=== Begin Enclosure ===

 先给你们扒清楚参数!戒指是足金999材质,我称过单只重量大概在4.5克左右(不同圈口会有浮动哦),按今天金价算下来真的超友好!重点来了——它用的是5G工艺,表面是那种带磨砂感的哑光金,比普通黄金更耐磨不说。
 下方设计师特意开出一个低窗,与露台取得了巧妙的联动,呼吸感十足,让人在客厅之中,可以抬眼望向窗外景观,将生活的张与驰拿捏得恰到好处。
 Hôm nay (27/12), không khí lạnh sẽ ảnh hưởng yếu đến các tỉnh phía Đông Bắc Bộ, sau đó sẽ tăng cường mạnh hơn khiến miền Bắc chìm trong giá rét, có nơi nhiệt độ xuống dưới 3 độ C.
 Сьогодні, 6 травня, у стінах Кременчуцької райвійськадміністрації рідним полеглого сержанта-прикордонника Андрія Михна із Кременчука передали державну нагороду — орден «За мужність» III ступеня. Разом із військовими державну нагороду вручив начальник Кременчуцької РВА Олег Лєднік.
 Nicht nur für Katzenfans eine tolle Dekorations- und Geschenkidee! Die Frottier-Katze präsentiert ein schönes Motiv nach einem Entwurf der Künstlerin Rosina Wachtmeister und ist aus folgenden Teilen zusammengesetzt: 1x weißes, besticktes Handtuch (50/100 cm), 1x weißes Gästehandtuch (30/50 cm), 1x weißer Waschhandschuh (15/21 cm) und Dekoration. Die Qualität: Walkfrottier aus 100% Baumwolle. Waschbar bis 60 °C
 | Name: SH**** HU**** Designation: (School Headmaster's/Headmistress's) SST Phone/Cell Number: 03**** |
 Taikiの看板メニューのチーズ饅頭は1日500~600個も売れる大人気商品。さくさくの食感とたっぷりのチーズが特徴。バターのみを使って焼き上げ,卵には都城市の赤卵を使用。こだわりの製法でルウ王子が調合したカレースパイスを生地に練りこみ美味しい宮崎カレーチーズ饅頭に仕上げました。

=== End Enclosure ===
=== Begin Enclosure ===

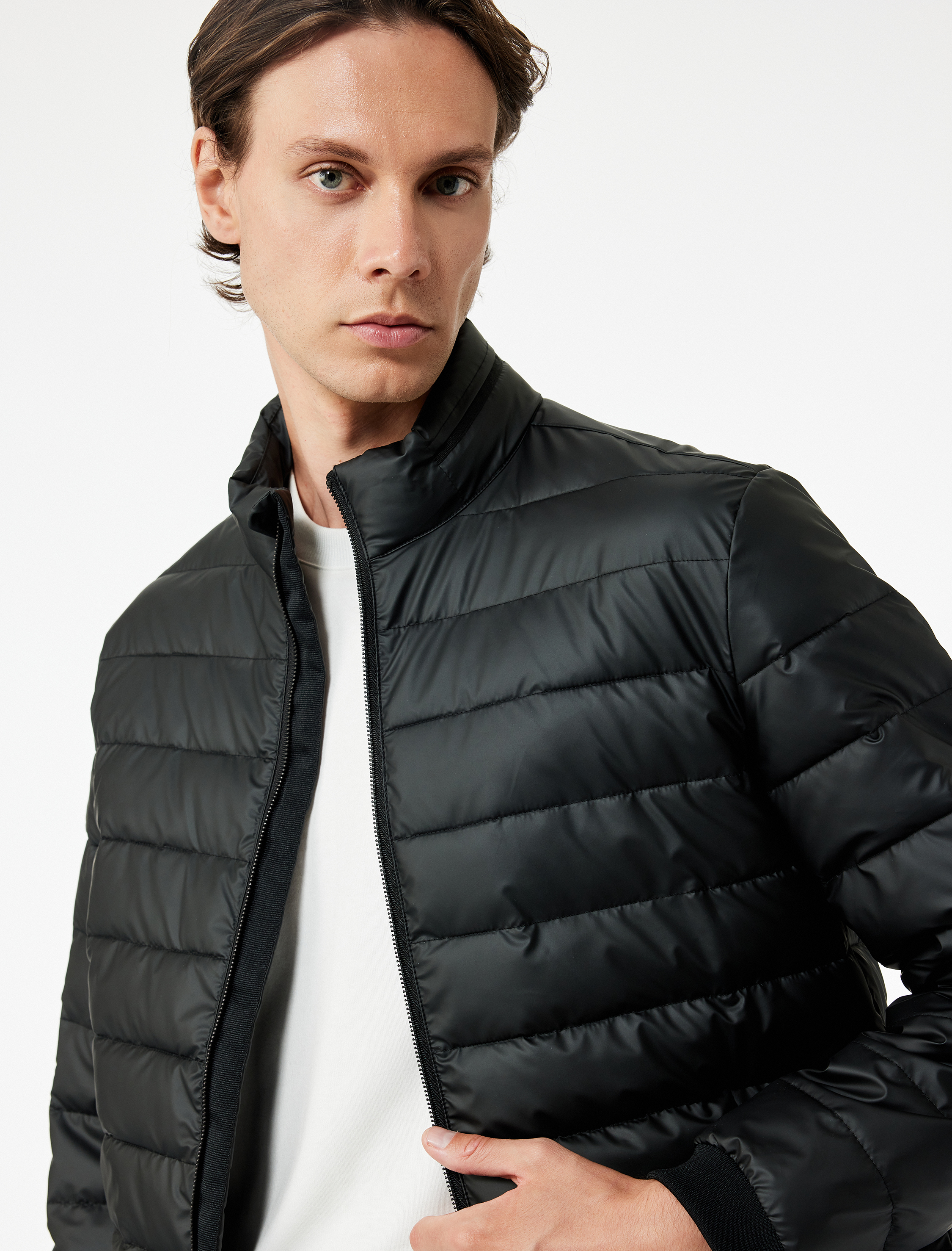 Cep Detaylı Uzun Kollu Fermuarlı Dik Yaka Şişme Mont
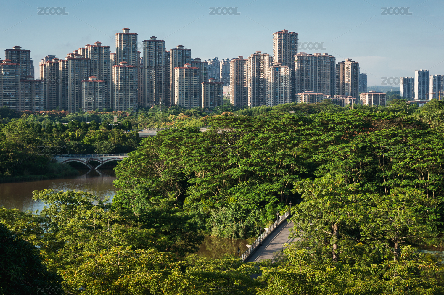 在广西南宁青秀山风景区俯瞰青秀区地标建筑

=== End Enclosure ===
=== Begin Enclosure ===

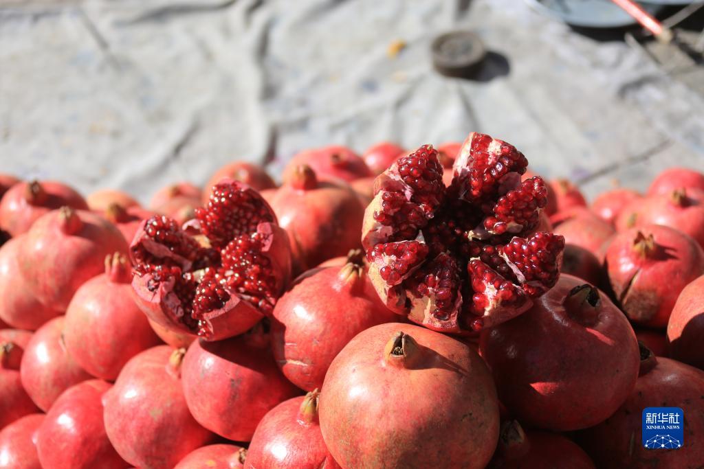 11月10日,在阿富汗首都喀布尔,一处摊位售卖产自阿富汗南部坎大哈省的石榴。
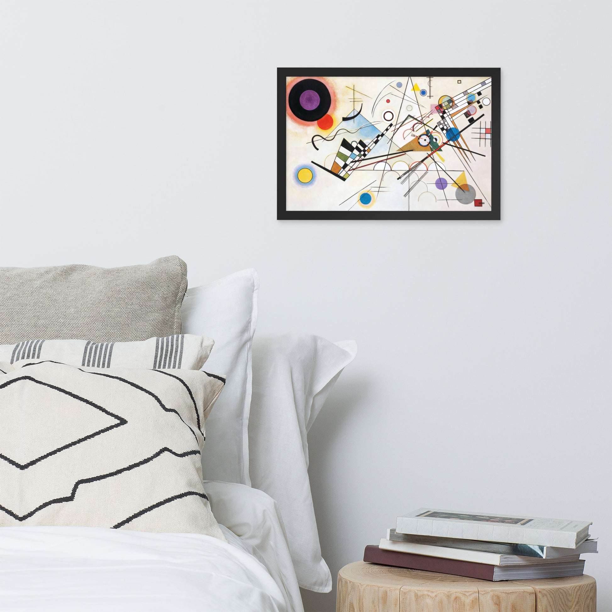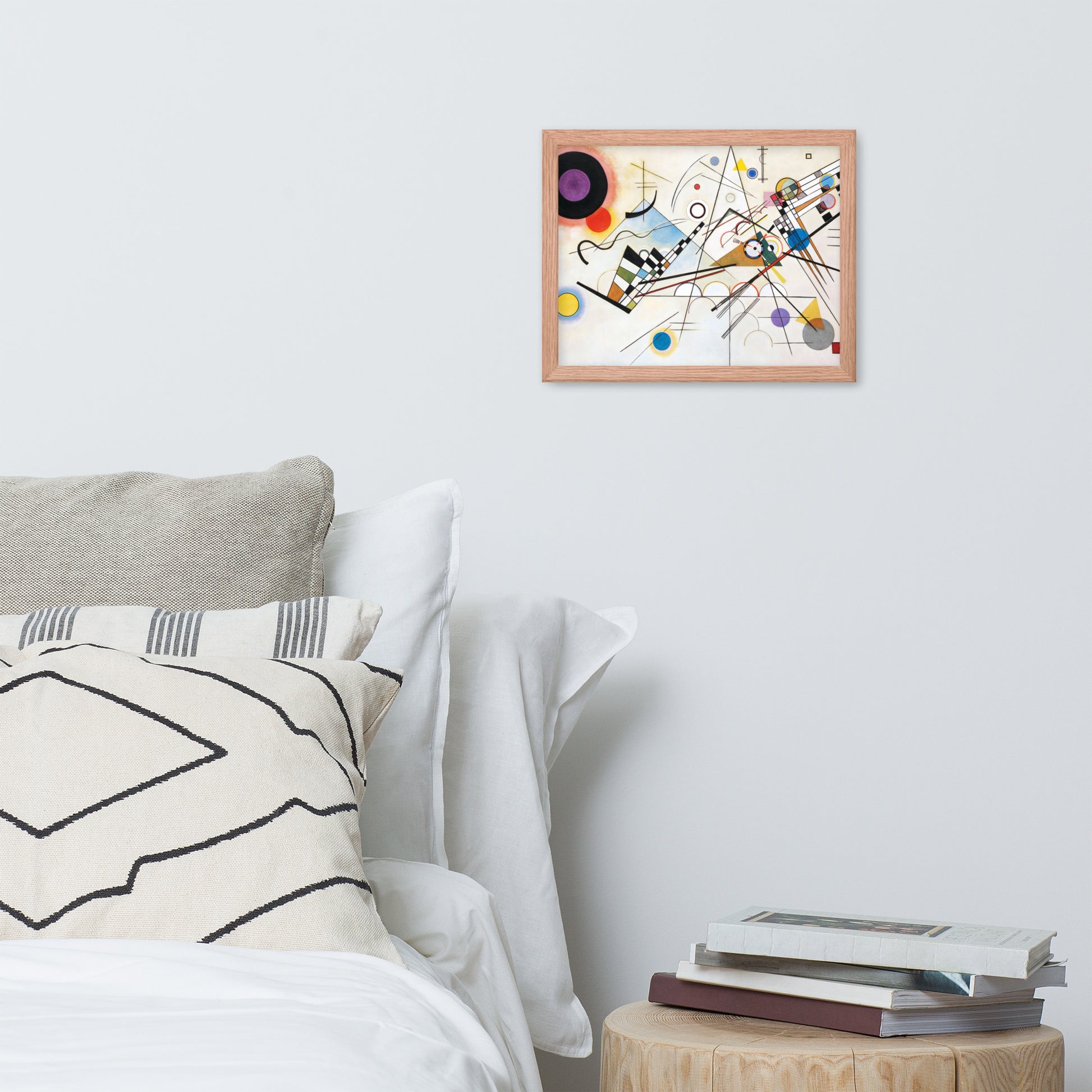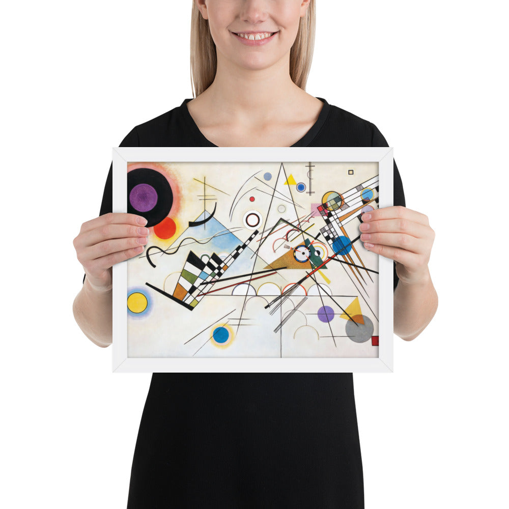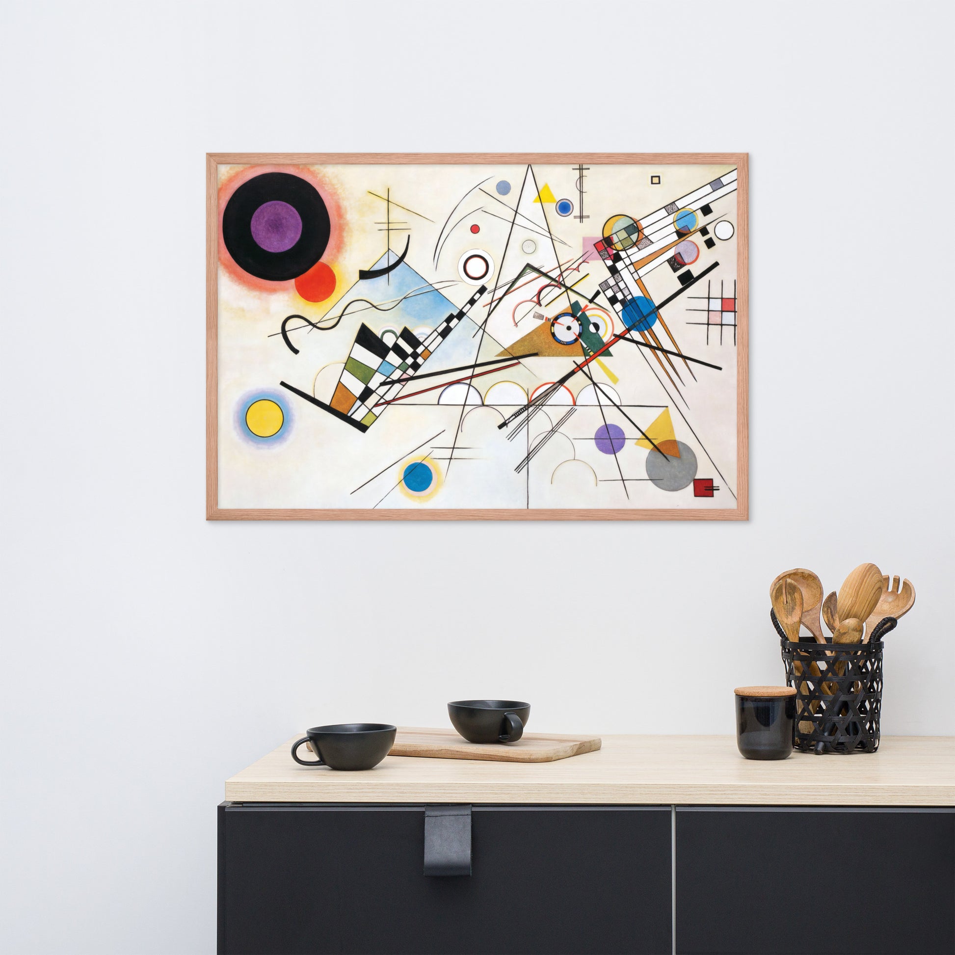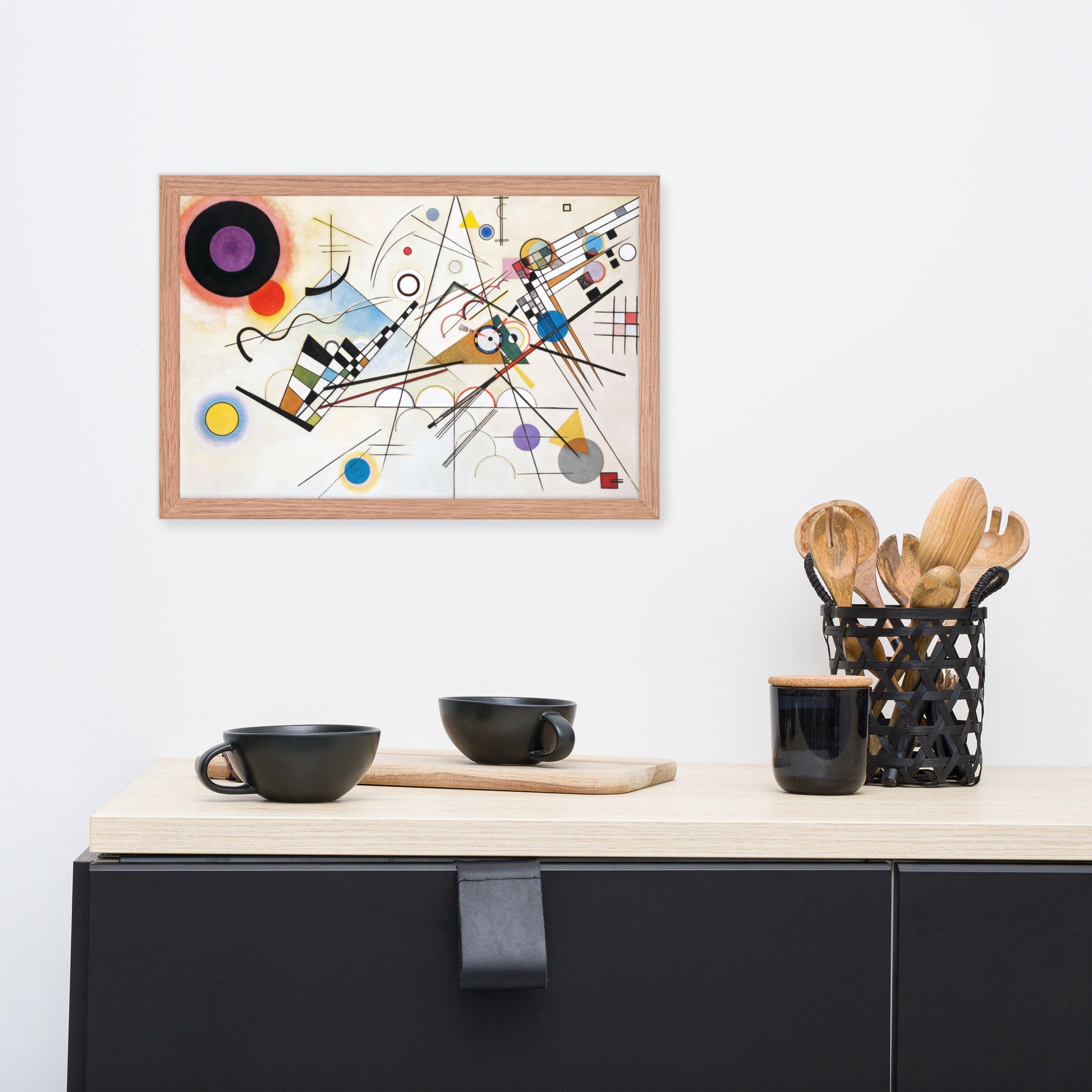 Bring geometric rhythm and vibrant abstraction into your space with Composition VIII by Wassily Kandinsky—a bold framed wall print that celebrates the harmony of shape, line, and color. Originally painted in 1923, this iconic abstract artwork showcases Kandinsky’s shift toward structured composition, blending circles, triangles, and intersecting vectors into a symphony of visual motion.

=== End Enclosure ===

Please reproduce, exactly as they appear above, the lines from the line containing "Hôm nay (27/12), không" up to and including the line containing "Nicht nur für".

▶ SOLUTION TO THIS EXERCISE
 Hôm nay (27/12), không khí lạnh sẽ ảnh hưởng yếu đến các tỉnh phía Đông Bắc Bộ, sau đó sẽ tăng cường mạnh hơn khiến miền Bắc chìm trong giá rét, có nơi nhiệt độ xuống dưới 3 độ C.
 Сьогодні, 6 травня, у стінах Кременчуцької райвійськадміністрації рідним полеглого сержанта-прикордонника Андрія Михна із Кременчука передали державну нагороду — орден «За мужність» III ступеня. Разом із військовими державну нагороду вручив начальник Кременчуцької РВА Олег Лєднік.
 Nicht nur für Katzenfans eine tolle Dekorations- und Geschenkidee! Die Frottier-Katze präsentiert ein schönes Motiv nach einem Entwurf der Künstlerin Rosina Wachtmeister und ist aus folgenden Teilen zusammengesetzt: 1x weißes, besticktes Handtuch (50/100 cm), 1x weißes Gästehandtuch (30/50 cm), 1x weißer Waschhandschuh (15/21 cm) und Dekoration. Die Qualität: Walkfrottier aus 100% Baumwolle. Waschbar bis 60 °C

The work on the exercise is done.